When prompt-tuning produces a dialed-in prompt:

  1. The final prompt is saved back into the workflow file (or sidecar)
  2. You bump V0-N — the prompt change is a meaningful workflow change
  3. You regenerate just that scene with the new prompt
  4. You evaluate: did the dialed-in prompt produce the candidates you wanted?

If yes — continue testing other scenes. If no — the prompt-tuning loop converged but the output still isn't right. That usually means the reference image is the problem, or the scene structure itself isn't going to work.

Cost discipline

Each prompt-tuning iteration is one image generation (4 candidates). 5 iterations = 20 candidates for one scene's tuning.

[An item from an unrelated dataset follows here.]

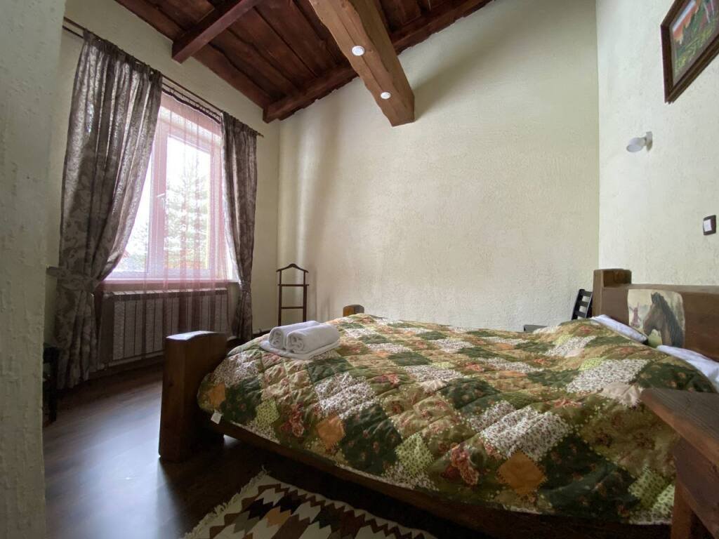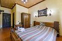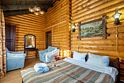 Номер с отдельным выходом и собственной зоной отдыха, в стиле шале, с высокими потолками и потолочными балками. Оснащен 2-спальной кроватью из массива дерева ручной работы с росписями у изголовья.

Across a workflow's testing phase, prompt-tuning on 2-3 stubborn scenes can add up:

Scenes tuned Iterations each Total extra generations
1 scene 5 20 generations
2 scenes 5 40 generations
3 scenes 8 96 generations

This is on top of the normal Generation Runner passes for the workflow. Stay aware of the cost.

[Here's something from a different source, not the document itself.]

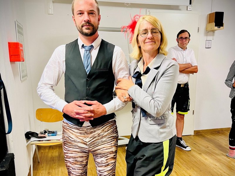 Anbei ein paar Eindrücke von unserer gemeinschaftlichen Gaudi-Aktion "oben hui, unten pfui" mit den Bewohnenden und Mitarbeitenden in unserem Haus. Der Einsatz von Ironie, Provokation, das "Auf-die-Spitze-Treiben", Tabuisierungen offenbaren/durchbrechen, der Umgang mit Scham, das Herausfordern von wahren Reaktionen (Gefühle, Verhalten) sind schon auch Methoden und Techniken und Teil unserers Konzeptes.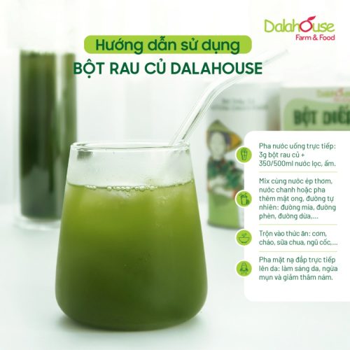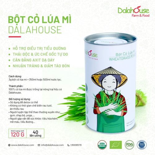 - Nguyên chất 100%: Được làm từ cỏ lúa mì hữu cơ được trồng và thu hoạch tại trang trại của Dalahouse, Lâm Đồng.

When prompt-tuning makes sense:

  • Workflow is high-value (top performer being refreshed)
  • One scene is the lynchpin and the rest is locked
  • You've tried cheaper fixes first

When it doesn't:

  • The whole workflow is in early testing — let normal iterations sort most of it
  • Many scenes are off — you have a bigger problem than a prompt tune can fix
  • The cheap fixes (seed re-roll, prompt edit, regen attempts) weren't tried first

Example session — tuning during V2-0-3

Status: XYZS1-V2-0-3 in testing. Scenes 01, 02, 05, 06, 07, 08 are good.
Scenes 03 and 04 still need work.

Scene 03 — avatar's pose feels stiff in all candidates. Tried 3 re-rolls,
no improvement. Edited prompt to specify "casual lean toward camera",
got slight improvement but not enough.

Scene 04 — lighting too cool, doesn't match the new environment.

You: tune Scene 03 and Scene 04 prompts in parallel. 5 iterations each.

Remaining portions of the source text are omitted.